In my previous article, I explained that the Human Factor (H-Factor) is an actuarially based portfolio tool, developed by New York-based asset managers New Age Alpha, aimed at mitigating the risk of human behaviour in stock picking. I explained the idea behind the H-Factor tool and its application within the investment space. Today I will be showing the H-Factor’s effectiveness as an equity fund.
The H-Factor does not seek to generate returns by applying traditional methods such as the common smart beta and factor exposure funds we have all come to know. Instead, the H-Factor quantifies and avoids the risk of human biases in stock picking – a risk that is often unpriced and undiversifiable.
To show how avoiding this unpriced risk contributes to outperformance, we have constructed a variable for the H-Factor Outperformance (HFO) which represents stocks with the lowest H-Factor scores drawn from the S&P 500 and have shown this portfolios outperformance relative to the S&P 500. In other words, we have created a hypothetical portfolio that systematically avoids stocks with the most Human Factor risk and shown its performance relative to the universe we selected the stocks from (S&P 500). The results are shown below (data is through June 30, 2020).
*Data Source: Bloomberg, New Age Alpha. The test period represents the entirety of the New Age Alpha database. These hypothetical results are not annualized. Please note that these hypothetical results do not reflect fees, expenses and capital market inputs and limitations. Any actual returns will be reduced by advisory fees and other expenses. Past performance is not indicative of future returns. See the Disclosures Section on New Age Alpha’s website for more information.
The above chart clearly shows how the H-Factor portfolio has consistently outperformed the S&P 500 over the period – the cumulative outperformance of 103.7% is quite astonishing.
This outperformance is all good and well, however, how do we know that it is not merely an artefact of taking on some underlying riskiness?
To show this, we decided to compare the H-Factor with the traditional Fama French factors – namely: the market, size, value, and momentum factors. The market factor incorporates the general market risk and return characteristics over some risk-free investments. The size factor states that small-cap companies tend to outperform relative to large-cap companies and thus overweight small-cap stocks.
The value factor states that companies with high book-to-market value ratios (value/cheap companies) tend to outperform companies with low book-to-market value ratios (expensive companies relative to fundamentals) and thus overweights the value stocks. The momentum factor states that stocks that have outperformed in the past tend to exhibit strong returns in the future and thus overweights stocks exhibiting this price momentum. Due to the empirical evidence supporting these factors many actively managed funds tend to target or overweight one of these factors to beat the market/benchmark.
The Fama French factor returns are undoubtedly positive over a very long history of the stock market, however, during shorter periods the factors have been shown to underperform. For instance, in 2015, the momentum factor was up 21.5% while the value factor was down 8.7%. The following year, momentum was down 17.6% while value was up 8.4%. This suggests that, at a minimum, factor performance is inconsistent.

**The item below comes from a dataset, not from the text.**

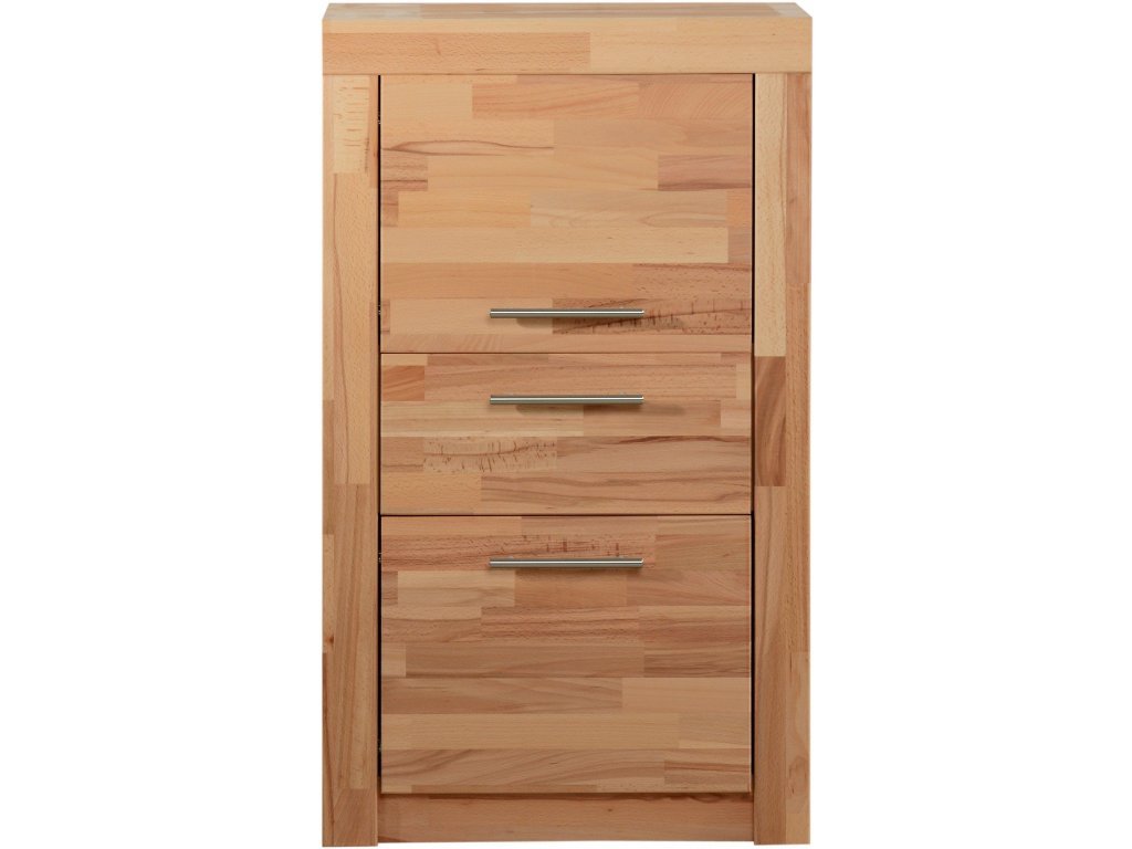Přední části nábytku jsou vyrobeny z masivního jádrového buku a korpusy z melaminované dřevotřísky odolné proti poškrábání. Jedná se o prvotřídní německý výrobek. Spojovací materiál je od kvalitní firmy Hettich. Úchytky jsou kovové a lakované. Vše je včetně kompletního spojovacího a upevňovacího materiálu. Skleněné fochy je možné osadit diodovým osvětlením, které můžete přikoupit zde. Přední části v provedení jádrový buk masiv jsou ošetřeny kvalitní voskovou politurou, která zajišťuje nábytku dlouhou životnost a příjemný design.

To show the H-Factor’s consistency of returns relative to the Fama French factors we again took the H-Factor outperformance (relative to the S&P 500) to find the correlations of this variable with the performance of each of the Fama factors. What we would want to see is positive correlations when the factor returns are positive – implying that the H-Factor weighted the equity fund in favour of the specific factors that outperformed.
Likewise, we would also want to see negative correlations when the factor returns are negative – implying that the H-Factor did not include or underweighted the factors that did not perform and thus avoided the underperformance. The results are in the below table (data is through June 30, 2020):
*Factor data obtained from Kenneth French Data Library, 11/23/2020. Return data obtained from Refinitiv, HFO data obtained from New Age Alpha. The test period represents the entirety of the New Age Alpha database. Please note that these hypothetical results do not reflect fees, expenses and capital market inputs or limitations. Please carefully review disclosures on New Age Alphas website to understand the limitations of simulations.

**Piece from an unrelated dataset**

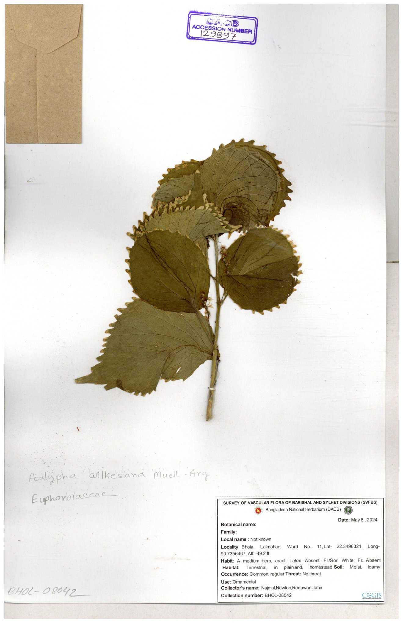 | 30024 | Euphorbiaceae | Acalypha i L. | Muktajhuri | B.M. Rezia Khatun, Momtaz, Bushra & Harun, | RK-3803 09-03-2002 |

In the above table, positive correlations with positive factor returns and negative correlations with negative factor returns are highlighted in yellow. If the factor is correlated in the wrong direction (i.e., positive correlation with a negative factor return) the cell is not highlighted.

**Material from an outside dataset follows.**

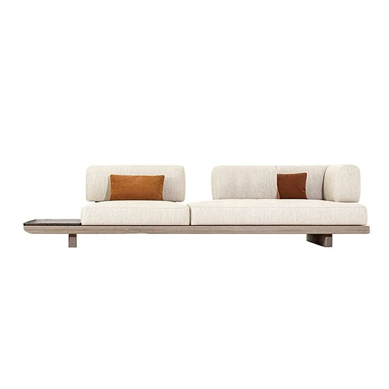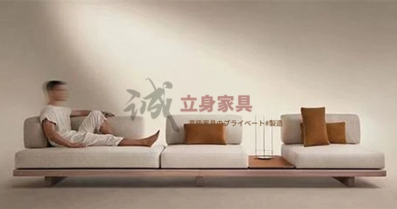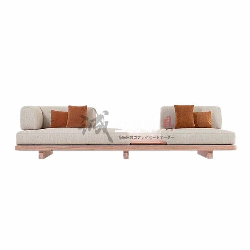 北欧風ミニマリストデザインの無垢材ソファ - おしゃれなカフェやモデルルームに最適!快適な座り心地と洗練されたスタイルで、あなたの空間を格上げします。

It is apparent that HFO tends to be positively correlated with factor returns when the factor performs well, and negatively correlated when the factor performs poorly. This gives a visual depiction of how frequently HFO may perform well (highlighted blocks), whereas the factors themselves have performance that is more sporadic.
We believe the reason behind this is because the Fama French factors have little or no relationship to company fundamentals, nor do they capture the risk of investors misinterpreting vague or ambiguous information – they are merely based on empirical evidence. The H-Factor, on the other hand, uses both company fundamentals and stock price (which are both unambiguous pieces of information) to avoid this risk and stocks likely to underperform.
From the above analysis, we can conclude that the Human Factor Tool can undoubtedly produce outperformance whilst at the same time limiting exposure to any one of the traditional Fama French factors at any given time. This combined with the ability to avoid stocks whose prices are not in line with fundamentals, not only positions you to outperform but also to benefit from factor diversification and risk reduction.